Nissan cuts profit forecast in first report since ousting Ghosn
Life after Carlos Ghosn is off to a rocky start for Nissan.
The Japanese automaker slashed its annual profit and sales forecasts on Tuesday in its first earnings report since the arrest and ouster of Ghosn, who ran the company for nearly two decades.
Nissan now expects to sell 5.6 million vehicles worldwide in the financial year ending in March, down from an earlier forecast of more than 5.9 million. Net profit is likely to come in at 410 billion yen ($3.7 billion), nearly 20% below the previous prediction.
The company blamed the gloomy outlook on difficulties in the United States and Europe, two of its biggest markets. Profits in the most recent quarter were also hit by a charge relating to payments to its former controversial chairman.
Nissan’s new leaders have a tough job to turn things around. After an 8% drop in the first three quarters of its financial year, Nissan’s sales in the United States plunged 19% in January.
The company is trying to “improve its brand value” and become more competitive in the United States, CEO Hiroto Saikawa said at a news conference Tuesday.
Nissan blamed its lackluster performance in Europe, where sales nosedived 13% in the first nine months of its financial year, on uncertainty surrounding Britain’s exit from the European Union and tighter regulations on diesel emissions.

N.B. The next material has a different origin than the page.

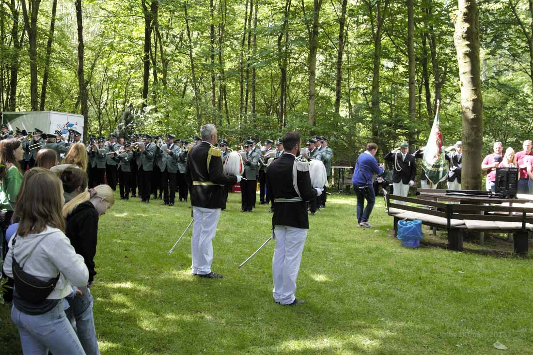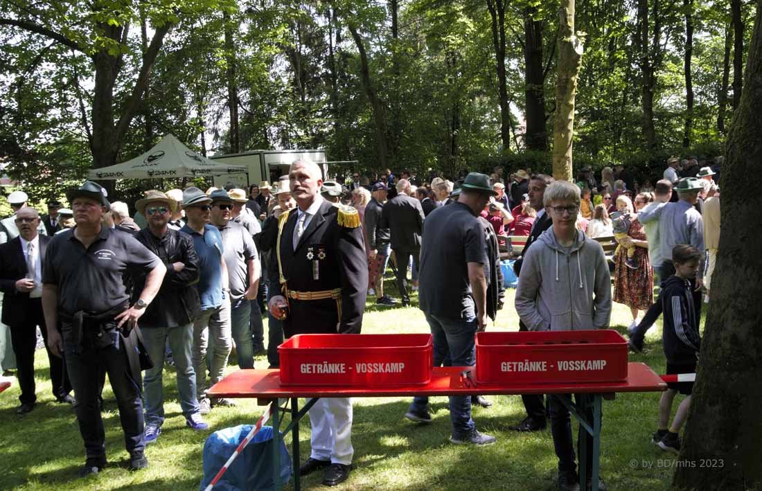 BORKENWIRTHE | bd | Mit einer kleinen zeitlichen Verzögerung wurde das Königsschießen in Borkenwirthe mit Schüssen der amtierenden Majestäten gegen 11:30 Uhr eröffnet. Bei sommerlichem Wetter erwies sich die Schießanlage der Wirther Schützen am Engeland Esch einmal mehr als Schatten spendender und gemütlicher Austragungsort für ein Vogelschießen. Mehrere hundert Besucher hatten dann auch Gelegenheit, den mehr als zwei Stunden andauernden Wettbewerb um die Königswürde zu verfolgen.

Earlier this month, the company said it had scrapped plans to build a new SUV model at its main British plant, citing Brexit uncertainty as a factor.
Saikawa was more upbeat on Nissan’s prospects in China, the world’s biggest auto market, which shrank last year for the first time in about two decades. Nissan’s Chinese sales fell 3% in 2018.
“China is kind of plateauing or in a lull, but in the long term, the market is going to grow,” Saikawa said.
Ghosn scandal dents profit
Nissan’s third-quarter results reflected the fallout from the Ghosn scandal.
One of the global auto industry’s most prominent figures, Ghosn has been detained by Japanese prosecutors since November 19. They have charged him with understating his income at Nissan by about $80 million between 2010 and 2018, and abusing his position by using the company to help sort out personal investment losses.
Nissan said Tuesday it has booked a charge of 9.2 billion yen ($83 million) related to payments to its former chief.
Ghosn denies the allegations against him, claiming they’re the result of “plot and treason” by Nissan executives who opposed his plan to deepen the automaker’s integration with its French partner, Renault. Nissan says Ghosn’s alleged misconduct is the reason for his downfall.
On Tuesday, Saikawa reaffirmed Nissan’s commitment to its long-standing alliance with Renault and Mitsubishi Motors, another Japanese carmaker.
The alliance “is a great asset and has great value,” he said. Doing away with it “is not something we’re thinking about at all.”